● **Instructions for the task**
For this exercise, restate word for word only the lines from the one containing "林业建设,在国民经济建设中占" through the last line below. Pictures do not get copied.

● **Supplied material**
+ + + +

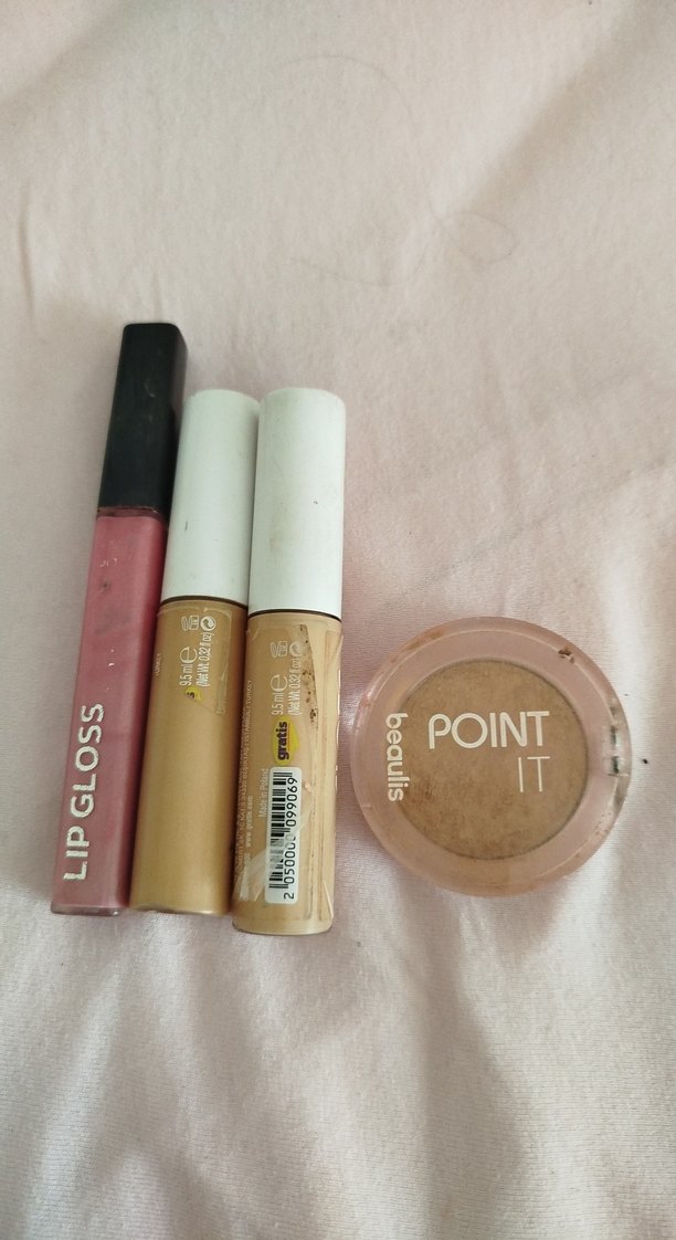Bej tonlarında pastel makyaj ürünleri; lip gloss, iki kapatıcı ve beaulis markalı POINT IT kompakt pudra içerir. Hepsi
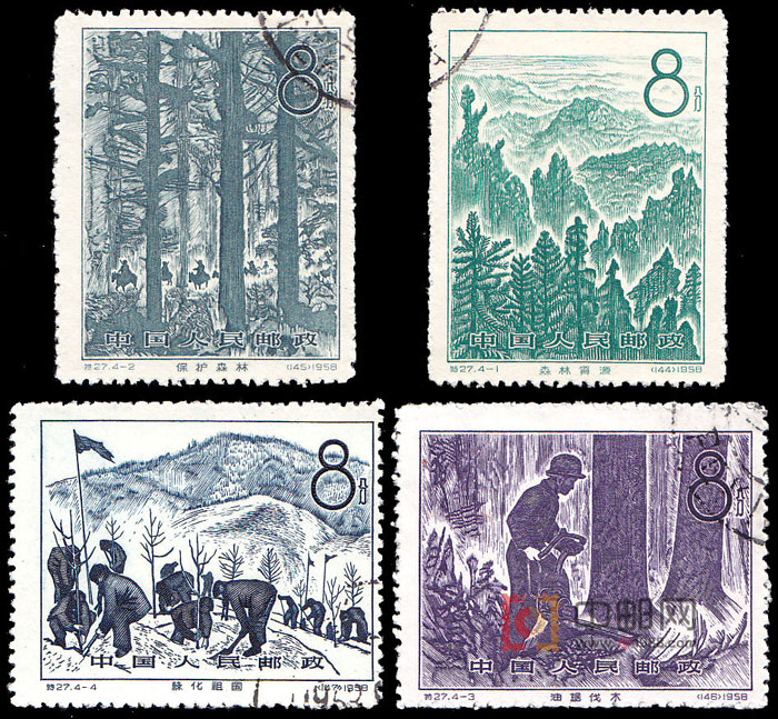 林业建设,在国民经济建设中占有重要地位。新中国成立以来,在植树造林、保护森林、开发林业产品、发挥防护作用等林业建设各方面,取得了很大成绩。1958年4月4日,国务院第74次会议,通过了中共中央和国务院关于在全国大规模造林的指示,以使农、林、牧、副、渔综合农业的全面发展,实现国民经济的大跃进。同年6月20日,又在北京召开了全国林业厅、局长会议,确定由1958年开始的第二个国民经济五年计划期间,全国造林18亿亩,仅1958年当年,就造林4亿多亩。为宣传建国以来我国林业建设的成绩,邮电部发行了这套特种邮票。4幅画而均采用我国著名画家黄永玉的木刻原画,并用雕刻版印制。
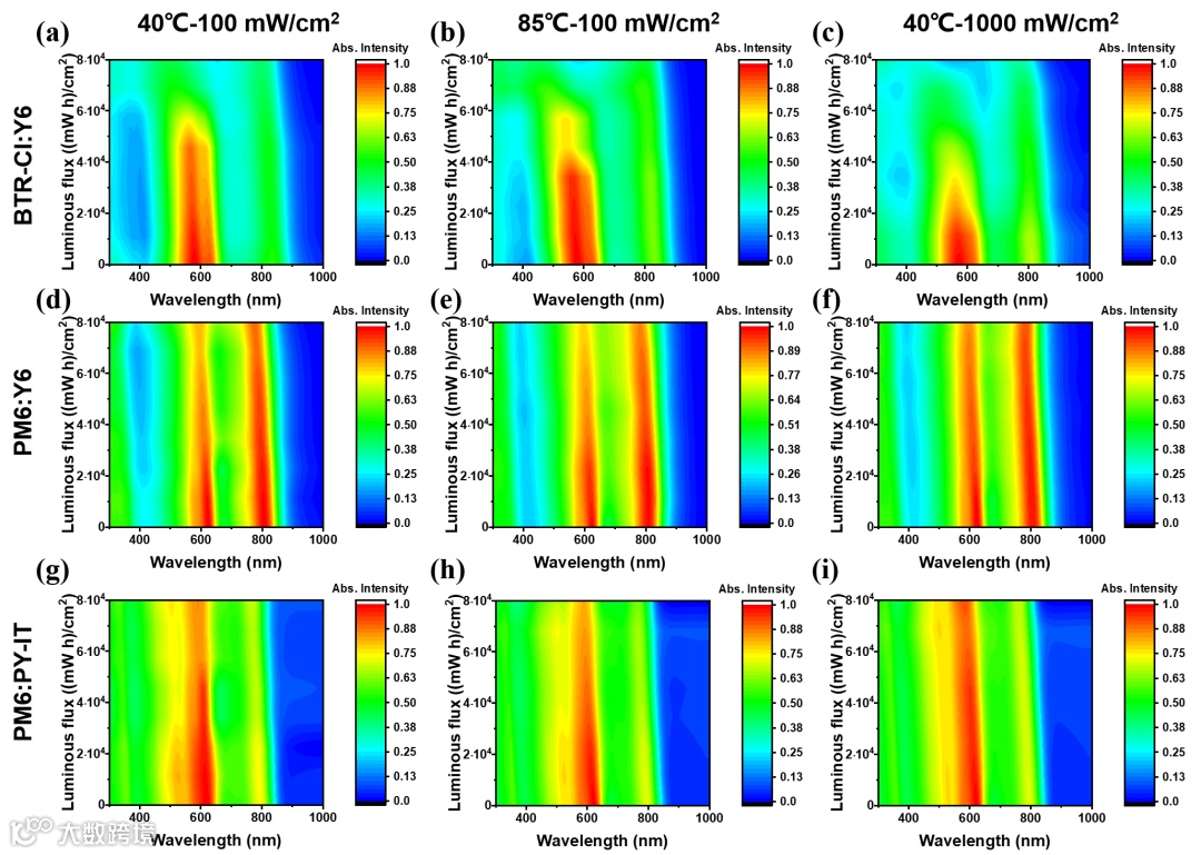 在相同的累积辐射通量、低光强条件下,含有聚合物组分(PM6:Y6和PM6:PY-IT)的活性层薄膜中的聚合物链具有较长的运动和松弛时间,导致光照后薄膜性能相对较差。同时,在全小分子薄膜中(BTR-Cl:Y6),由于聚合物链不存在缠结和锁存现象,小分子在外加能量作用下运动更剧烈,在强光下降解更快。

+ + + +

● **Answer for this exercise**
 林业建设,在国民经济建设中占有重要地位。新中国成立以来,在植树造林、保护森林、开发林业产品、发挥防护作用等林业建设各方面,取得了很大成绩。1958年4月4日,国务院第74次会议,通过了中共中央和国务院关于在全国大规模造林的指示,以使农、林、牧、副、渔综合农业的全面发展,实现国民经济的大跃进。同年6月20日,又在北京召开了全国林业厅、局长会议,确定由1958年开始的第二个国民经济五年计划期间,全国造林18亿亩,仅1958年当年,就造林4亿多亩。为宣传建国以来我国林业建设的成绩,邮电部发行了这套特种邮票。4幅画而均采用我国著名画家黄永玉的木刻原画,并用雕刻版印制。
 在相同的累积辐射通量、低光强条件下,含有聚合物组分(PM6:Y6和PM6:PY-IT)的活性层薄膜中的聚合物链具有较长的运动和松弛时间,导致光照后薄膜性能相对较差。同时,在全小分子薄膜中(BTR-Cl:Y6),由于聚合物链不存在缠结和锁存现象,小分子在外加能量作用下运动更剧烈,在强光下降解更快。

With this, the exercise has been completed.